▶ **Exercise brief**:
Quote exactly the lines from the one with "TOP WIN UM OMBRO" to the end of the data, both included; omit the pictures.

▶ **Given information**:
[Start of Attachment]

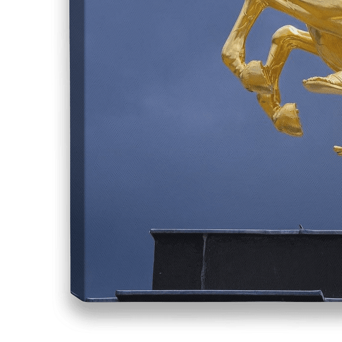 Op dit moment wordt de Gouden Ruiter een symbool van het constante temidden van het onvoorspelbare. Zijn gouden pracht trotseert de onberekenbaarheden die opdoemen en terwijl de wereld om hem heen in duisternis is gehuld, behoudt hij zijn sublieme kalmte. Een indrukwekkend spel van licht en schaduw dat de dualiteit van geschiedenis en tijd vastlegt, terwijl de Gouden Ruiter trots op zijn stenen voetstuk zit, klaar om door de onrust van de toekomst te lopen.
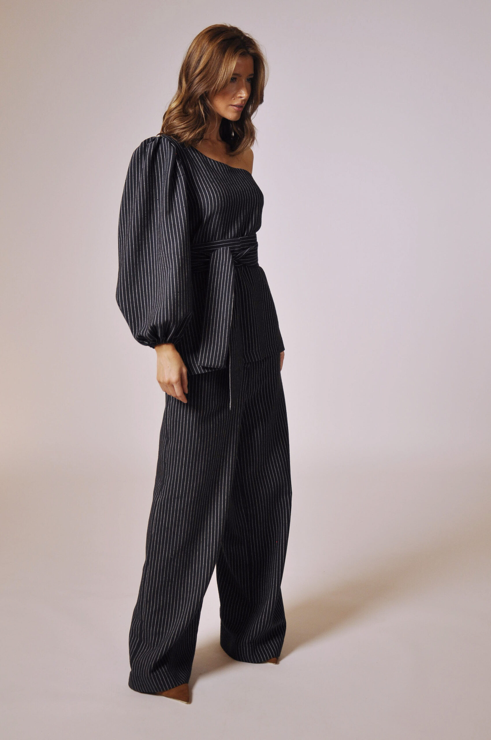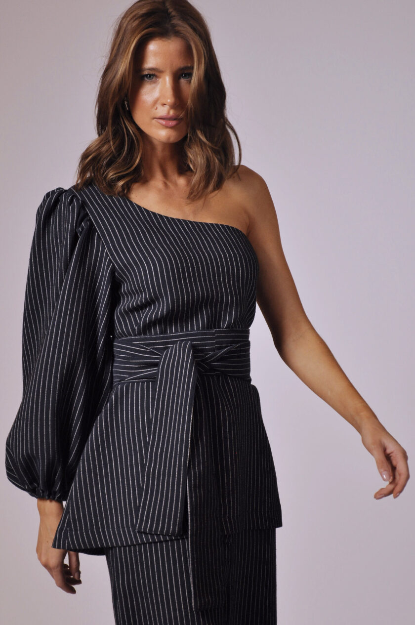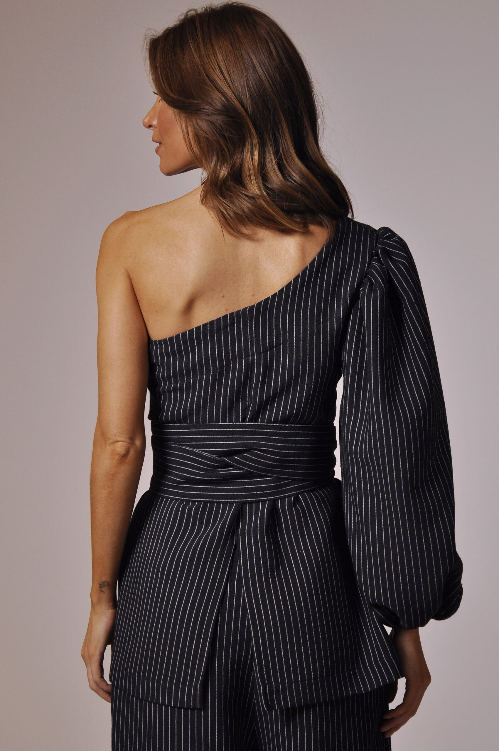 TOP WIN UM OMBRO SÓ COM MANGA BUFANTE E FAIXA PARA AMARRAÇÃO.
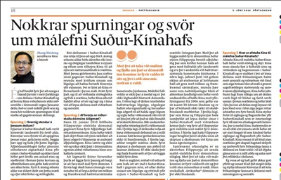 2016年6月3日,驻冰岛大使张卫东在当地主流冰文报纸《新闻报》发表署名文章,以问答形式介绍南海争端的根源,揭露南海仲裁案的非法性,阐释中国倡导通过谈判协商解决南海争议、维护南海和平、稳定、繁荣的立场,希望读者公正客观地理解和支持中国立场。

[End of Attachment]

▶ **Solution for this exercise**:
 TOP WIN UM OMBRO SÓ COM MANGA BUFANTE E FAIXA PARA AMARRAÇÃO.
 2016年6月3日,驻冰岛大使张卫东在当地主流冰文报纸《新闻报》发表署名文章,以问答形式介绍南海争端的根源,揭露南海仲裁案的非法性,阐释中国倡导通过谈判协商解决南海争议、维护南海和平、稳定、繁荣的立场,希望读者公正客观地理解和支持中国立场。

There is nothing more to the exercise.